Lucien Combelle, écrivain et journaliste, est né le 4 août 1913 à Rouen. Il y est mort le 20 janvier 1995. Ami de Paul Léautaud2, de Claude Roy, de Louis-Ferdinand Céline, secrétaire d'André Gide avant-guerre, il fut aussi membre de l'Action française. Il collabore en écrivant dans La Gerbe et en participant à la fondation de Révolution nationale comme rédacteur en chef et directeur. Il fut témoin du suicide de Pierre Drieu la Rochelle dont il était proche. Signataires du manifeste collaborationniste : Déclaration commune sur la situation politique du 5 juillet 1944, portant les signatures d'Abel Bonnard, Bichelonne, de Brinon, Déat et de 29 personnalités parisiennes, il est condamné le 28 décembre 1944 à quinze ans de travaux forcés, il fut amnistié en 1951.

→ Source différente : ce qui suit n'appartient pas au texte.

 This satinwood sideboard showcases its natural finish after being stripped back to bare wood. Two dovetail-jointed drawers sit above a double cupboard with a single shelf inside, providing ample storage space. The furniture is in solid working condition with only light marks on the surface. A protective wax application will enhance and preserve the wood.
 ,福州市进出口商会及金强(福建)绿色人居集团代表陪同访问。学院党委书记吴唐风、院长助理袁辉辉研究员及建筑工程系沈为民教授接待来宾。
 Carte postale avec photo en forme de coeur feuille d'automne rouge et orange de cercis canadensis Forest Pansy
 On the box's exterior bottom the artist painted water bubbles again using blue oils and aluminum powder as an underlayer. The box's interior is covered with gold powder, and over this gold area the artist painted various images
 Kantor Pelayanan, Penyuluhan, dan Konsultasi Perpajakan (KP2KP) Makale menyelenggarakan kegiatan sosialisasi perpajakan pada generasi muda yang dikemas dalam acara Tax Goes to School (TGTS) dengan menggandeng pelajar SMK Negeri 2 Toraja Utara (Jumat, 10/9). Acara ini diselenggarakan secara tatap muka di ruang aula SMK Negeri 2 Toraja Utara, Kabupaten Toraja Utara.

Dans les années 1960-1980, sous divers pseudonymes (Lucien Dauvergne, Lucien François, Monsieur Larousse, Oncle Lulu), il travaille au journal Pilote et à Europe 1. Il est aussi chroniqueur au Progrès, à Combat, à Absolu et à Art up.

Pierre Assouline, Le Fleuve Combelle, 1997, Calmann-Lévy. 

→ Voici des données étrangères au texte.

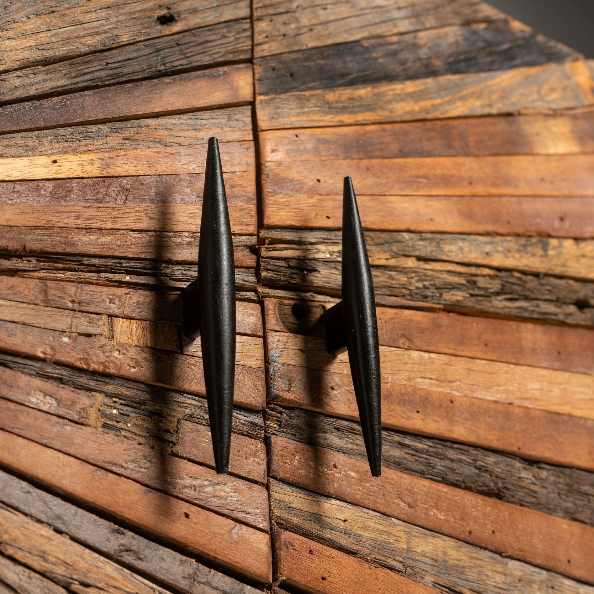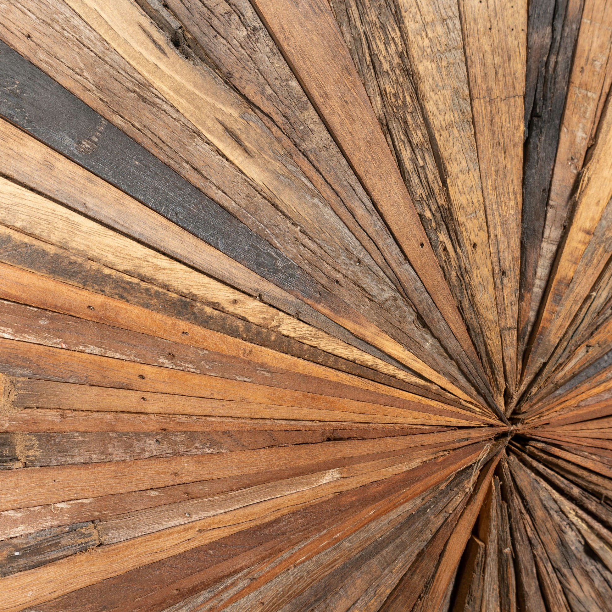 Rejuvenate your space with this rustic yet modern solid wood sideboard. Crafted from reclaimed wood, this sideboard features three cabinet doors showcasing an intricately designed starburst pattern, that offer plenty of storage for all your linens, dishes and more. Beautiful black metal hardware and framed legs complete the look making this a great piece for your dining room, living room or entryway

(Intéressante biographie par son ami Assouline)
Chronique de L'Express à la sortie du livre : Qu'étaient-ils donc l'un pour l'autre? Des amis d'abord. Sans complaisance ni ambiguïté. «Remonte le fleuve», conseille Lucien Combelle à Pierre Assouline, lui suggérant que son existence n'avait été qu'une dérive, depuis les quais de Rouen jusqu'au tribunal qui le condamne, en 1945, à quinze ans de travaux forcés, à la dégradation nationale et à la confiscation de ses biens - cette peine ayant dû paraître ironique à celui qui n'a jamais rien possédé.
La puissance de ce petit livre ne vient toutefois pas de la dissection d'une aberration politique. Elle vient de cette passion de la littérature, le meilleur de Lucien Combelle, sa vocation intime, laquelle habite également son ami juif. Il réussit même à le réconcilier avec la part maudite du solitaire de Meudon, les essais et les pamphlets antisémites qu'on s'obstine à opposer à ce qui serait le «bon» Céline. «Céline est un bloc, écrit Assouline. Si on lui trouve du génie, on ne peut faire l'économie de l'abjection, des vomissures, de la haine.»

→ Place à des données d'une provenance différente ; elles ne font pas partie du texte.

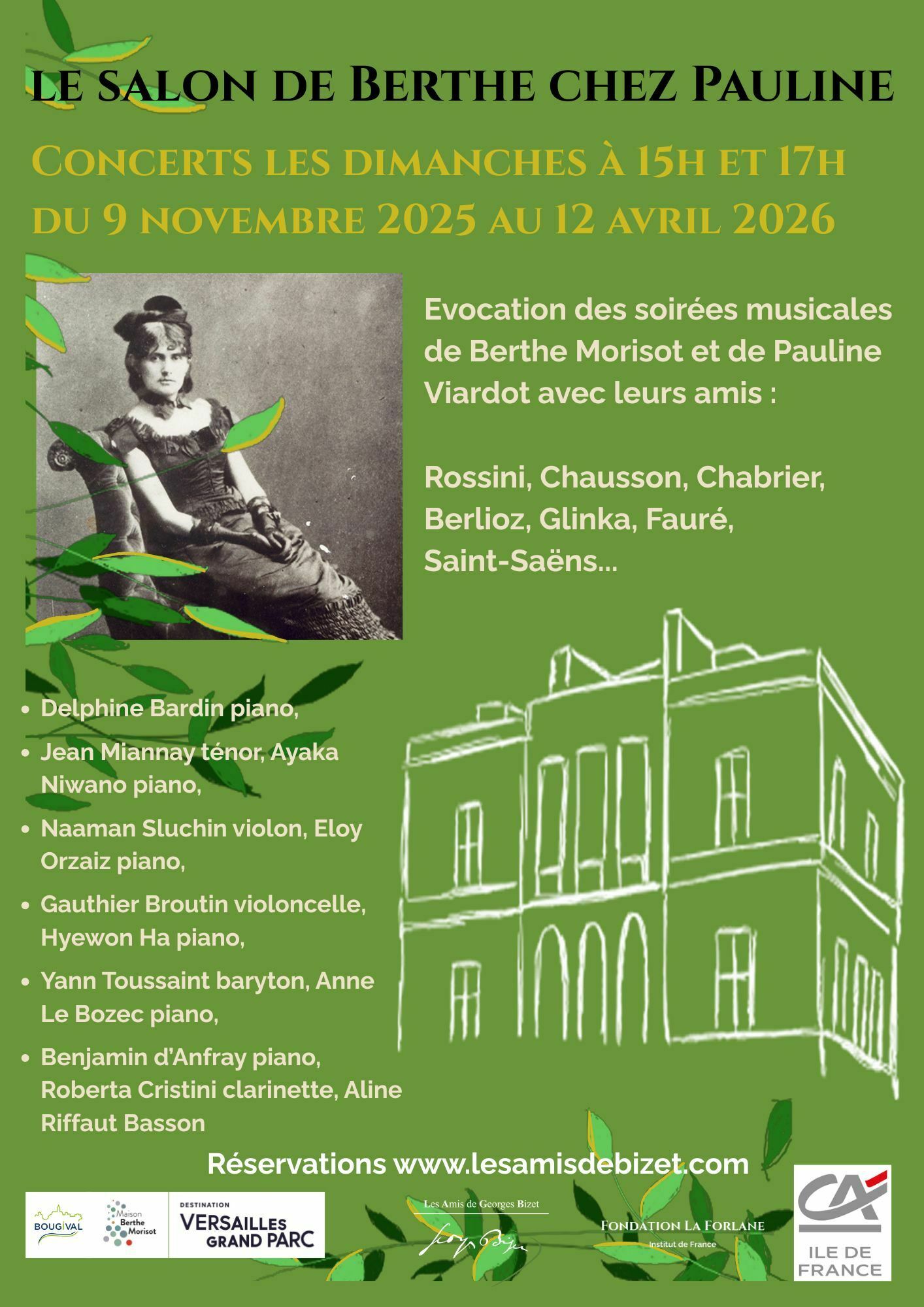 Ce cycle de concerts « Le salon de Berthe chez Pauline », vous invite un dimanche par mois à vivre la rencontre possible des cercles artistiques de Berthe et Pauline dans la villa néo-palladienne de Bougival, occupée jadis par les Viardot.

Après la guerre, Lucien Combelle présentera naturellement un profil nettement moins tranché. Ainsi, lors de l’émission Apostrophes (1978), il évoqua le « jeune fasciste sincère, de bonne foi et naïf » qu’il fut. C’est seulement chez le juge d’instruction, ajouta-t-il, qu’il découvrit ce qu’est la responsabilité des intellectuels. Philippe Alméras, qui l’avait rencontré, lui aussi, dans les années quatre-vingts, garde le souvenir de sa grande prudence : « Comme tous les ébouillantés de la Libération, il craignait l’eau froide ». Céline entretint avec lui une relation du même type (un peu paternelle) que celle qu’il noua avec Henri Poulain, le secrétaire de rédaction de Je suis partout. D’une vingtaine d’années leur aîné, il ne craignait pas de les morigéner dès que paraissait dans leur journal respectif un article qu’il désapprouvait. Ainsi, à propos de cet éditorial sur (ou plutôt contre) Maurras : « Combelle fait l’enfant. Il sait aussi bien que moi l’origine de l’horreur de Maurras pour l’Allemagne – le Racisme. » Ou à propos d’un compte rendu du livre, Pétition pour l’histoire, d’Anatole de Monzie : « Tu dédouanes Monzie à présent et son histoire ? La merde est à ton goût ! Rien de plus pourri que ce vieux pitre – membre de la Ligue des Droits de l’Homme – membre de la Lica – grand ami de Lecache et Jean Zay ! ». Les exemples sont nombreux… Contrairement à Poulain, exilé en Suisse, Combelle reverra Céline. C’est seulement à la parution D’Un château l’autre qu’il reprit contact. « Tout ceci ne nous rajeunit pas ! », lui répond Céline, une dizaine d’années après la tourmente qui les vit embastillés l’un à Copenhague, l’autre à Fresnes.